Health records are the most important database of the patient record, which consists of various data entered by health care professionals in either paper or electronic form [1–4]. A computer-based record (CPR) is a depository of electronically maintained information about an individual’s lifetime health status and health care which has the objective of supporting patient care and improving the quality of health care [5]. This is all about saving a life by facilitating communication, practicing evidence-based decisions, and many others [6, 7]. Among recent information technology (IT) system initiatives in developing countries, EMR systems are becoming dominant with the vision of improving data handling and communication in healthcare organizations [8, 9]. The development of the EMR system helped institutions to handle patient records in a wise, safe, and qualified manner. However, these systems have various problems and barriers that can hinder their implementation at a better scale or ideal scope [3, 7, 10–12].

EMR is computerized medical information systems that collect, store, and display patient information. It can include a wide range of information, including sociodemographics, insurance, medications, intake history, allergies, laboratory test results, immunization, hospitalization history, and others, all while maintaining patient privacy and confidentiality [7, 13]. They are a means of creating legible and organized recordings and of accessing clinical information about individual patients [7, 14].

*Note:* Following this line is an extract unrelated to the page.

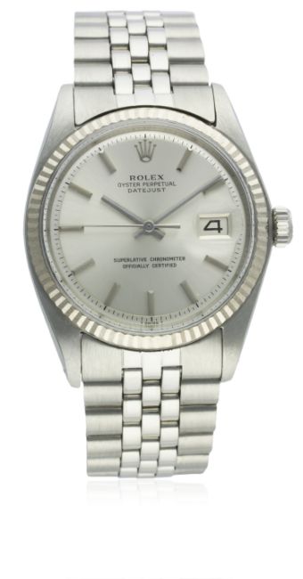 A GENTLEMAN'S STAINLESS STEEL & WHITE GOLD ROLEX OYSTER PERPETUAL DATEJUST BRACELET WATCH CIRCA 1965, REF. 1601D: Silver dial with silver batons & hands, date aperture. M: 26 jewel automatic chronometer movement, signed Montres Rolex S.A., calibre 1570. C: Oyster case with solid white gold fluted bezel, signed Montres Rolex S.A., numbered, dated IV.65, Rolex crown, case diameter measures approx. 36mm. B: Rolex Jubilee bracelet, numbered 6251H/55, dated 3.72.CONDITION REPORTD: Dial in excellent condition. M: Working at present. C: In excellent condition. B: In excellent condition.D: Dial / M: Movement / C: Case / S: Strap / B: Bracelet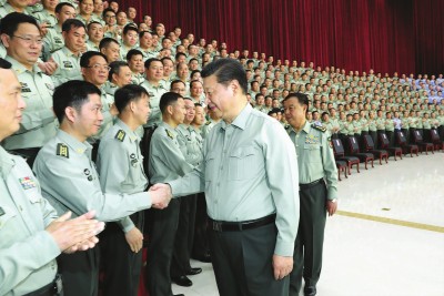 习近平亲切接见驻广西部队师以上领导干部、驻南宁部队团级单位主官和南部战区陆军机关正团职干部。新华社记者李刚摄

It has been suggested that wide-scale adoption and implementation of EMRs could be pivotal for improving patient safety and health care quality [15–17]. It may also reduce the costs of providing ambulatory care. However, despite emerging evidence about the benefits of EMRs, there are considerable barriers to their adoption [14, 18]. This urges the need for developing countries to have evidence-based improvement and scale-up of EMR systems within their facilities [19].

However, low-income countries have struggled to launch large-scale EMR systems in their context, owing to a lack of resources as well as the necessary skills and infrastructure. These systems require abundant resources including skilled labor, technological, and financial means, all of which can be difficult to procure in low-income settings [20–22].

Despite the high expectations and interest in adopting and using the EMR systems, its overall adoption is relatively low, especially in resource-limited countries where high disease prevalence and incidence rates are predominant [13, 14, 18, 23, 24]. As indicated by various studies, the adoption and use of EMR systems in developing countries is still in its embryonic stage for several reasons [13, 23]. Users’ attitudes, knowledge, technical skills, the functionality of the working environment/infrastructure, and lack of adequate resources are pointed out as important determinants for the functionality of the adopted EMR system [25].

The utilization of EMR can be affected by different factors. A complex span of factors determines the adoption and use of EMR by health professionals despite established and functional EMR in place [25]. Health professionals’ attitude and awareness level, lack of proper management, resource shortage, skill-related issues, users’ resistance, policy-related issues, poor commitments of staff, and poor maintenance services are other reasons for the limited adoption and use of EMR systems in developing countries [26–29].

In Ethiopia, the organization, availability, accessibility, and quality of health data are still poor. Moreover, information is not being stored and used effectively in health care, resulting in inappropriate and uncertain clinical decision-making [30, 31]. The Ethiopian government is training health informatics professionals to support the health management information system and transform the health care system [25]. Studies show that the adoption of an EMR system in the healthcare system has the potential to transform healthcare in terms of saving costs, reducing medical errors, improving service quality, increasing patients’ safety, decision-making, saving time, data confidentiality, and sharing medical information [24, 32–34].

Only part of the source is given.